Sam made a noise suggesting rather than actually articulating the word ‘No.’

‘No – thank – you – Mum,’ Charlotte corrected sternly, hoicking his bag out of the boot, then kissing his head to sweeten the reprimand. In the same instant a light came on in the kitchen, which overlooked the drive, bringing the room to life like a flickering TV screen. Cindy, in pink velour jogging bottoms and a white T-shirt, her blonde hair gathered in a fashionable spiky knot, strolled across the centre, her back to them as she reached for a cupboard. Charlotte couldn’t help staring, at the slim honey-coloured arm, at the ample curve of the bustline, the trim indent of the waist. Freya, she recalled suddenly, had had a doll called Cindy, with wavy yellow-blonde hair, pearl studs in her ears, red-painted fingernails and a chest so pointy and hard that when they gave up on playing and fought each other instead she was often the top choice of weapon.
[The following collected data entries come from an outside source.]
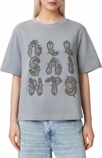 Signature lettering spelled in gleaming beads brings standout texture to this boxy tee made from soft cotton.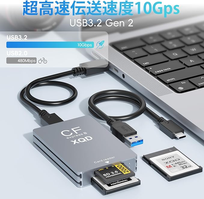 【CFexpress カード用の 10 Gbps超高速データ転送】USB 3.1 Gen2テクノロジーを搭載したこのCFカードリーダーは、最大10Gbpsの超高速データ転送速度を保証します。JPEG、RAWなどの標準的な写真形式、H.264やMPEG-4などのSDおよびHDビデオ形式の高速転送をサポートします。4Kや8Kなどの高品質の画像やビデオを高速かつ安定して転送します。長い待ち時間に別れを告げ、大きなファイルを転送する際の迅速かつ効率的なワークフローをお楽しみください。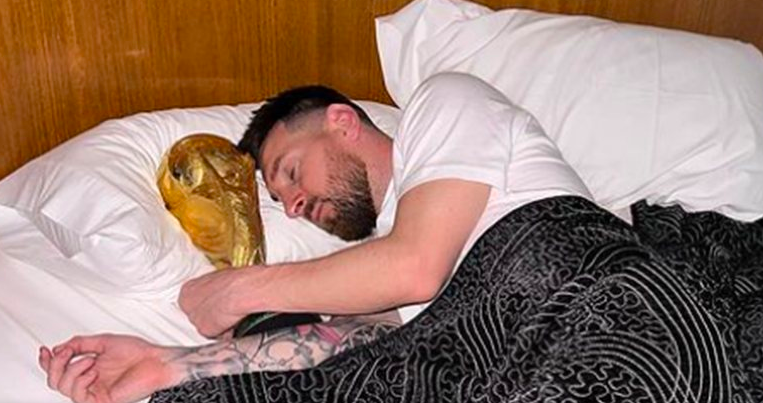 O jogador de futebol Lionel Messi (35) está se divertindo com a taça da Copa do Mundo do Catar. Após a vitoria da Argentina no mundial, ele já tirou várias fotos com o troféu e a mais recente delas é bem divertida. Dessa vez, o atleta apareceu dormindo abraçado com a taça!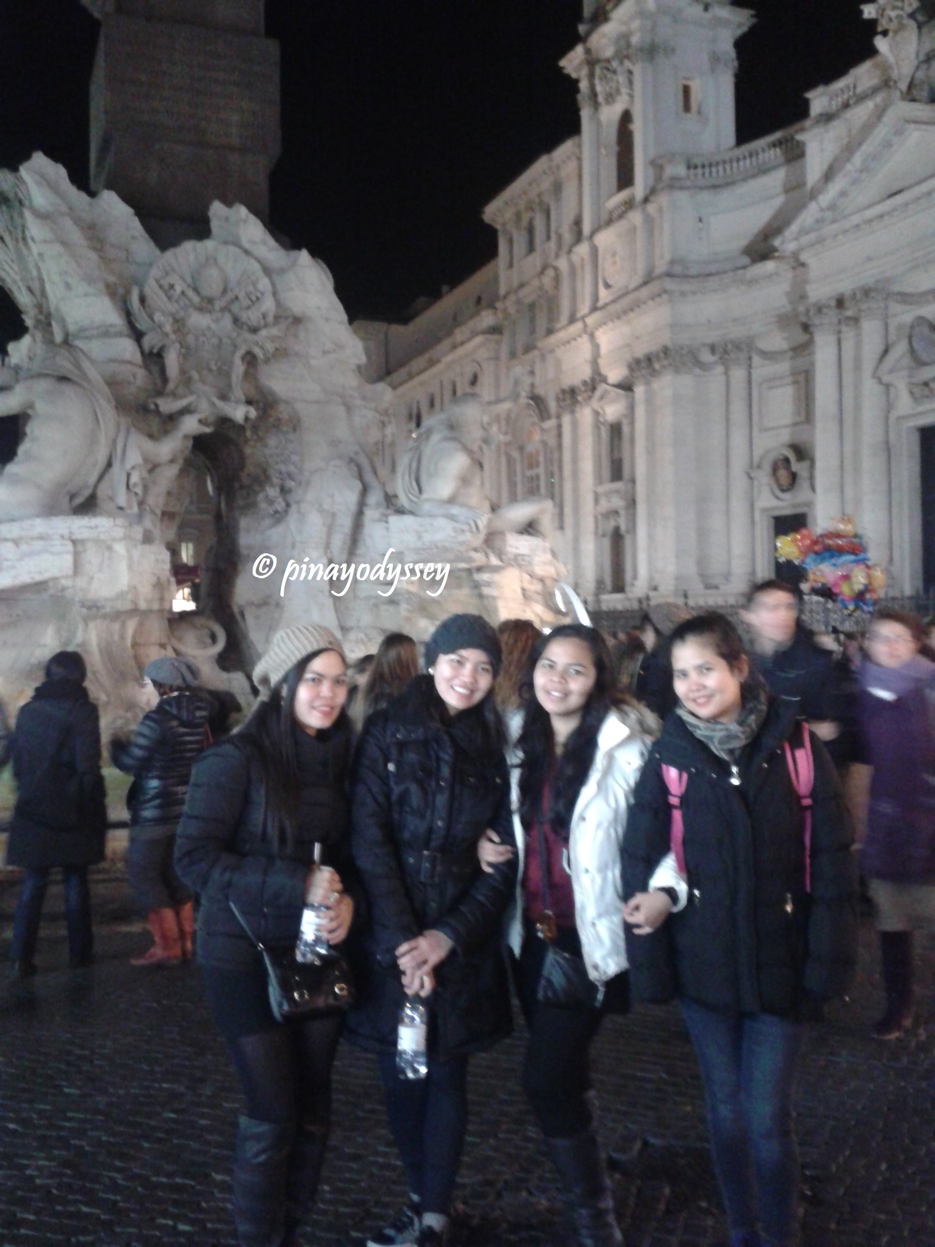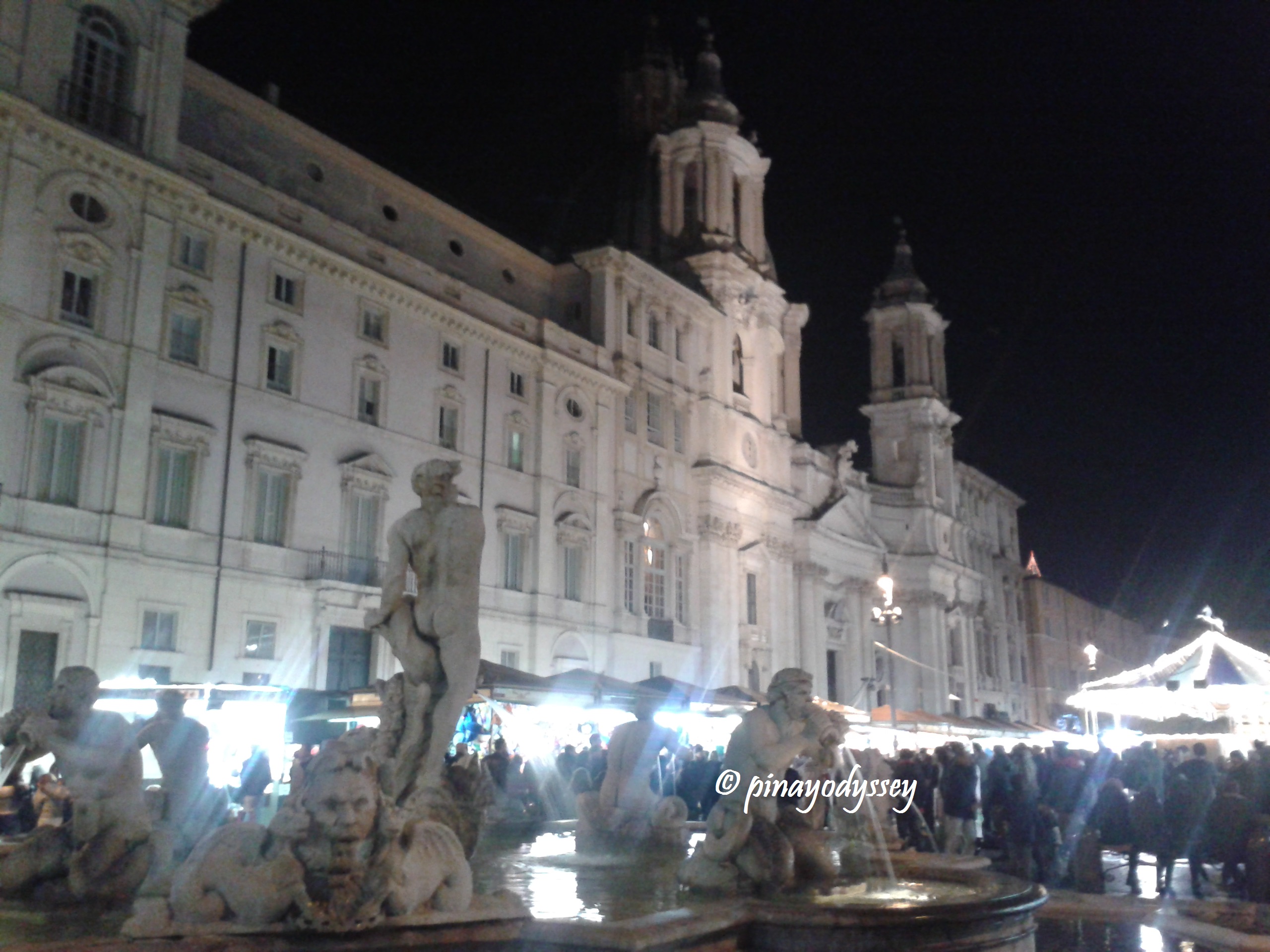 After enjoying a delicious Filipino dinner, courtesy of our hosts, we started walking along the Tiber River, the third longest river in Italy with 406 kms in length. We passed by several sights, a nice Christmas bazaar, fountains and parks. The wonderful thing was that we didn’t really have a destination. So we just walked and fully enjoyed Rome by night.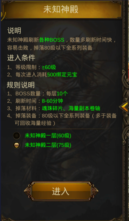6、BOSS掉落魂珠碎片、海量副本卷轴和80级以下各职业全部装备,多于的装备可通过回收获得角色升级经验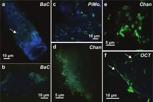 - ↑ Carere CR, Hards K, Wigley K, Carman L, Houghton KM, Cook GM, Stott MB (2021). "Growth on Formic Acid Is Dependent on Intracellular pH Homeostasis for the Thermoacidophilic Methanotroph Methylacidiphilum sp. RTK17.1". Frontiers in Microbiology. 12 651744. doi:10.3389/fmicb.2021.651744. PMC 8024496. PMID 33841379.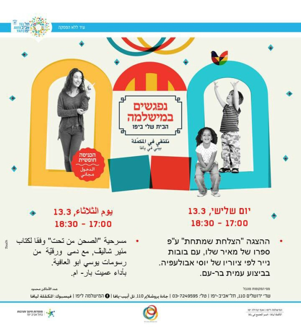 وسيتخلل الفعاليات: مسرحية "الصحن من تحت" وفقاً لكتاب مئير شاليف، مع دمى ورقية من رسومات يوسي ابو العافية بأداء عميت بار - ام.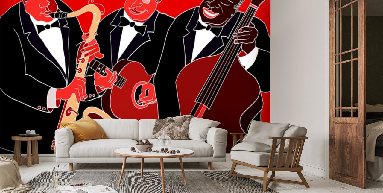 Stunning Jazz Band Trio wall mural from Wallsauce. This high quality Jazz Band Trio wallpaper is custom made to your dimensions. Easy to order and install .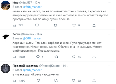 Также пользователи добавили, что большую роль могло сыграть то, что каска не была закреплена. Таким образом она съехала от кинетической энергии пули, и та проскользнула над головой.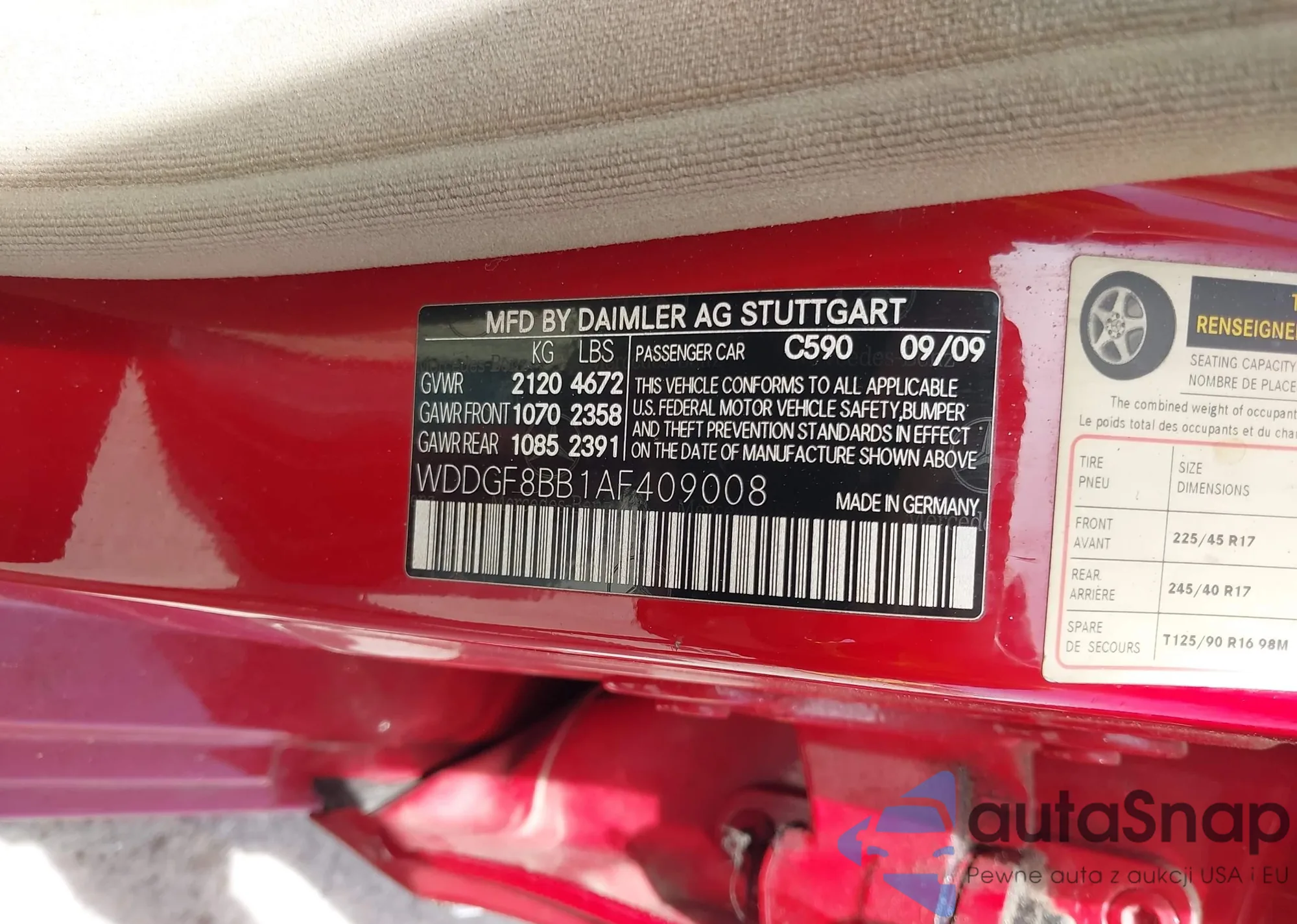 LOT: 42369761 VIN: 1HGFA165X9L004439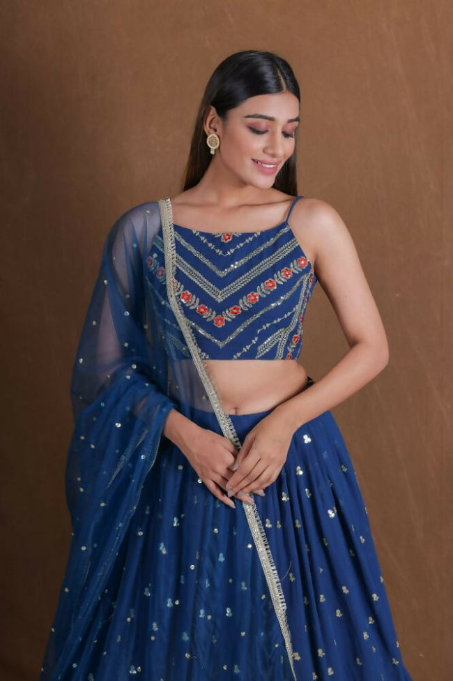 Blue Georgette Embroidery Sequence Work Lehenga Choli Set - Jihu Culture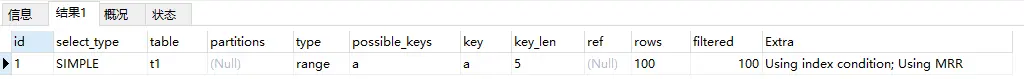 explain结果:
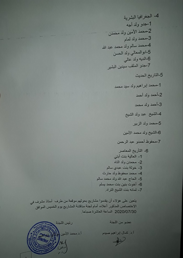 عقدت اللجنة العلمية للدكتوراه في الآداب بجامعة نواكشوط العصرية اجتماعا أمس الإثنين أقرت فيه استكمال لائحة الناجحين باكتتاب سبعة طلاب حسب الترتيب. وأقرت اللجنة أن يكون ثمة سبعة طلاب من كل شعبة. وهذه قائمة الأسماء: لجنةالدكتوراهتقرالناجحين

When they were greeted on the doorstep, however, Charlotte couldn’t help noticing that her husband’s new partner looked rather below her usual dolly-perfect self. Though she smiled as she always did and said
‘darling’
to Sam, who surprisingly – annoyingly – didn’t cringe and make his gagging face, but merely offered a shy smile back, there were blue-black smudges under her eyes and evidence of thick concealer to hide several large blemishes on her face. Charlotte, poised as always to scuttle back to the refuge of the car, couldn’t resist asking if she was all right.